→ INPUT FOR THIS TASK
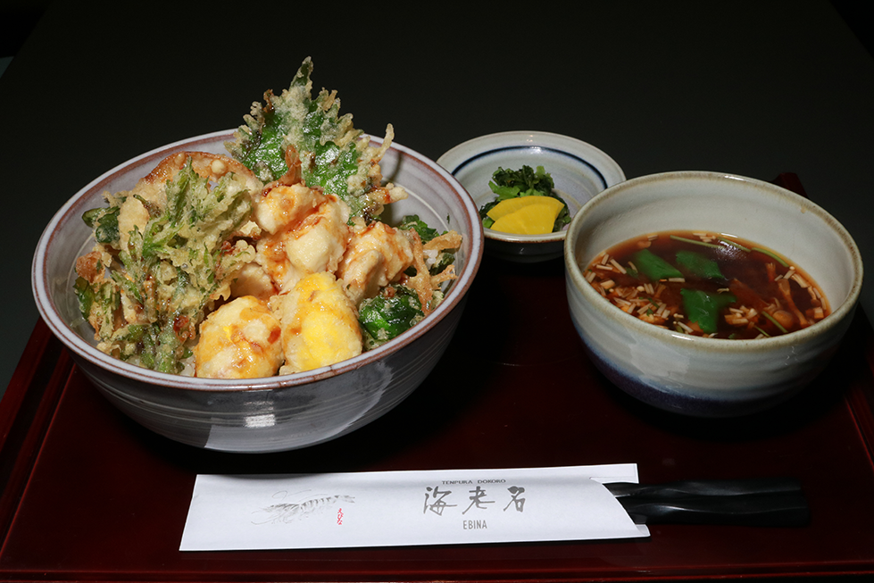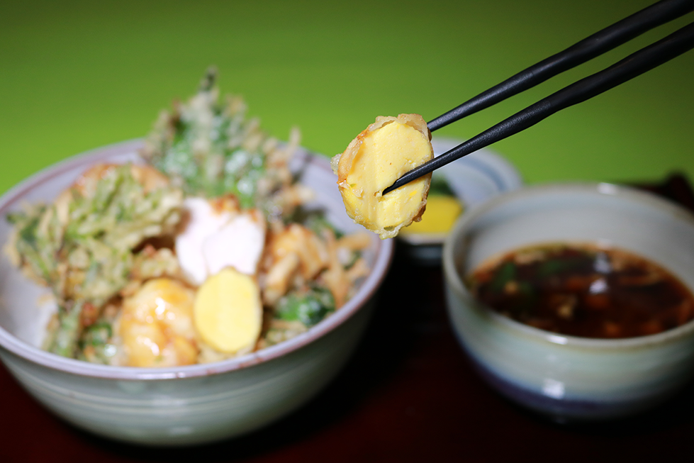 鳥の巣ごもりをイメージしたとりこどん。県内産のご飯の上には、鳥の巣に見立てた野菜の天ぷらを敷きつめる。サクサクの衣に中はジューシーな鶏肉。ゆでた卵を裏ごしし、味付けして卵の形にした卵の天ぷら。春は地元産のウドやタラの芽と、季節ごとに変わる旬の野菜が香りと食感を一層引き立て、タレが絶妙なバランスを生み出してます。赤だし付き。
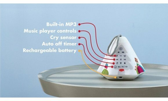 1 – кнопка включения2 – управление громкостью3 – включение белого шума (5 типов)4 – переключение на mp3 плеер5 – включение проекции (на стену)6 – micro USB разъём для зарядки и записи мелодий на внутреннюю память7 – таймер автоматического выключения (30 мин., 60 мин., бесконечный повтор)8 – сенсор плача (автоматическое включение)9 – включение ночника10 – выбор трека11 – включение встроенных мелодий (17 колыбельных)12 – ручка для переноски/Лампа может подвешиваться, ставиться на стол на любую плоскую сторону.
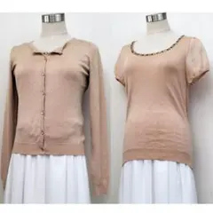 Apuweiser-richeの半袖ニットとニットカーディガンのアンサンブルです。
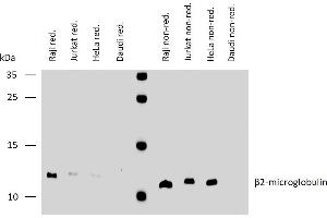 Beta-2-microglobulin,Beta2-microglobulin non-covalently associates with the 44 kDa alpha chain to forms the HLA Class I antigen complex. Human beta2-microglobulin associated with HLA Class I antigens is expressed on many types of cells including lymphocytes, thymocytes, monocytes, granulocytes, platelets, endothelial cells, and epithelial cells. It is absent on erythrocytes.,B2M
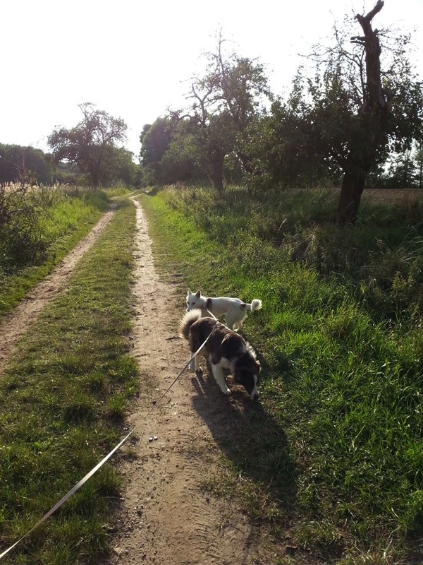 Heute ist Lupi sogar das erste Mal von allein ins Haus gegangen; bisher haben wir sie rein getragen, weil sie immer noch etwas Angst hat hinein zu gehen. Bei den Gassi Runden blüht sie auf und orientiert sich sehr an Lillith. Es macht Spaß diese Lebensfreude zu sehen.

→ PROBLEM REQUIREMENTS
Every line from the one with "Apuweiser-rich" through the last line of the data must be copied exactly. Leave the pictures out.

→ WRITTEN ANSWER
 Apuweiser-richeの半袖ニットとニットカーディガンのアンサンブルです。
 Beta-2-microglobulin,Beta2-microglobulin non-covalently associates with the 44 kDa alpha chain to forms the HLA Class I antigen complex. Human beta2-microglobulin associated with HLA Class I antigens is expressed on many types of cells including lymphocytes, thymocytes, monocytes, granulocytes, platelets, endothelial cells, and epithelial cells. It is absent on erythrocytes.,B2M
 Heute ist Lupi sogar das erste Mal von allein ins Haus gegangen; bisher haben wir sie rein getragen, weil sie immer noch etwas Angst hat hinein zu gehen. Bei den Gassi Runden blüht sie auf und orientiert sich sehr an Lillith. Es macht Spaß diese Lebensfreude zu sehen.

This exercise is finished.